News & Politics

Power 150: Sports & Real Estate

Washington's most powerful in sports and real estate


Ted Leonsis. Capitals hockey is slumping, but he helped bring two once-in-a-generation stars to Washington—Michael Jordan and Alex Ovechkin.

Ted Lerner. Already a real-estate giant, he muscled past a host of contenders to become Nationals owner and de facto mayor of the ballpark neighborhood.

Abe Pollin. Owner of the Wizards, he built Verizon Center and helped create a downtown-DC renaissance.

Dan Snyder. The Redskins owner gobbles up companies (Six Flags), celebrities (Tom Cruise), and free agents.

Debbie Yow. University of Maryland teams have won 15 national titles in her 13 years as athletic director.


Jim Abdo. Known for reviving DC’s Logan Circle and other down-and-out neighborhoods, he’s taking aim at New York Avenue and Arlington.

Gary Abramson. Everyone in the Tower Cos. dynasty has power, but Abramson gets the nod after leading American University’s search for a new president.

Edward Asher. President of Chevy Chase Land Co., which developed the ritzy Wisconsin Avenue Collection of stores.

William Brennan. Regional head for Turner Construction, which is challenging Clark Construction’s supremacy.

Shalom Baranes. Commercial architect who mixes modernism with historic preservation. “His work is every bit as good as I.M. Pei’s—and often better,” says one architect.

Mike Glosserman and Ben Jacobs. Their JBG Cos. is a real-estate-development giant that makes deals area-wide for hotels, condos, apartments, office buildings, and mixed-use properties.

Michele Hagans. Daughter of late real-estate magnate Ted Hagans, she’s a big developer in Northeast DC.

Gerald Halpin. One of the original developers at Tysons Corner 45 years ago, he’ll help shape how that edge city looks after Metro arrives.

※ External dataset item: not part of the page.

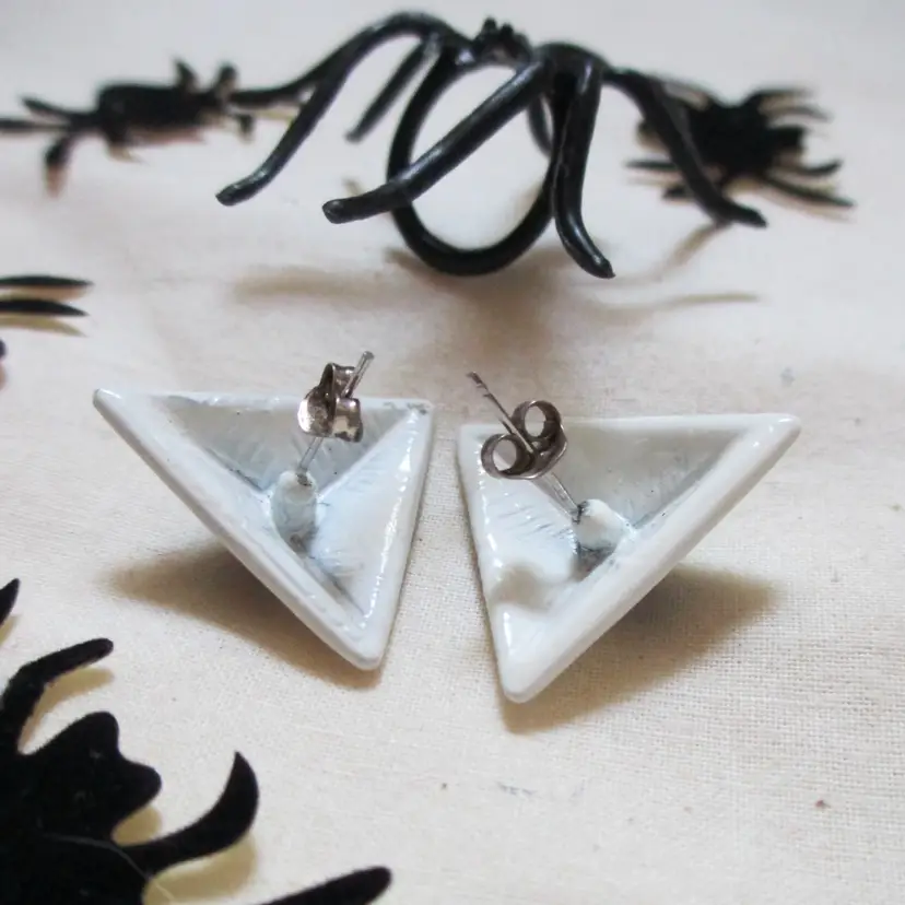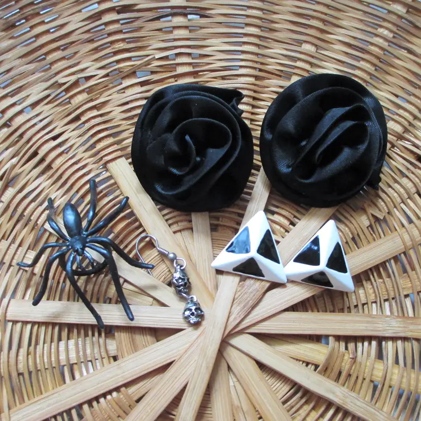 Vintage 80's earrings: 1 pair white & black enamel triangle earrings, like new 1 pair satiny black flower earrings, never worn 1 single double skeleton head silver-tone dangle earring, gently worn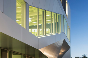 „Mit einer gebauten Schnittfigur, welche das Innenleben dieses Hauses mit seinen unterschiedlichen Raumkonfigurationen abbildet, entwickelt das neue Hörsaalcentrum einen prägnanten, zeichenhaften Auftritt,“ begründete Reiner Nagel in seiner Laudatio die Entscheidung des Preisgerichts. Das Gebäude bildet die neue Mitte des Campus’ Holländischer Platz im innerstädtischen Nordosten von Kassel und beherbergt auf knapp 5.000 Quadratmetern sechs Hörsäle sowie sechs Seminarräume mit rund 2.700 Plätzen. Eine präzise detaillierte Fassade mit reflektierenden Aluminiumtafeln inszeniert die markanten Einschnitte im kompakten Baukörper. Das Team von raumzeit Architekten nahm den Deutschen Fassadenpreis für VHF 2015 gemeinsam mit Vertretern der Universität Kassel entgegen.

Monty Hoffman. Well before anyone saw the condo boom coming, his PN Hoffman company set the standard for luxury apartment living.

Doug Jemal. His felony conviction notwithstanding, the developer has a big heart for the city—and takes big risks to turn around its neglected parts.

Robert Kettler. Founder of Kettler and master at turning large tracts of exurbs into large communities. The company has “probably the biggest private portfolio of developable land in the region,” says the Post’s Steven Pearlstein.

Herb Miller. The developer who conjured up Washington Harbour and Potomac Mills is remaking Georgetown Park, one of his first projects.

Jeffrey Neal and Michael Darby. The two have turned Monument Realty—founded only nine years ago—into the area’s third-largest commercial developer.

Larry Nussdorf. Top guy in Jim Clark’s real-estate and construction empire. Projects include the Nationals stadium, Verizon Center, and Discovery’s headquarters.

Milt Peterson. Getting National Harbor off the drawing board took determination—and clout.

Linda Rabbitt. Founder of Rand Construction, former Board of Trade chair. Incredibly well connected.

Ray Ritchey. Washington head of Mort Zuckerman’s Boston Properties and a 31-year vet of commercial real estate. A beloved figure who commands respect.

Deborah Ratner Salzberg. The Washington head of Forest City Enterprises has a raft of projects in the pipeline near the baseball stadium.

Dwight Schar. Dan Snyder’s pal heads up NVR, the area’s largest home builder.

Mitchell Schear. The president of Vornado/Charles E. Smith spearheads redevelopment in Crystal City.

Brenda Shipplett. Wes Foster’s top exec at Long & Foster. The residential brokerage does $27 billion in sales annually—more than three times its closest rival’s.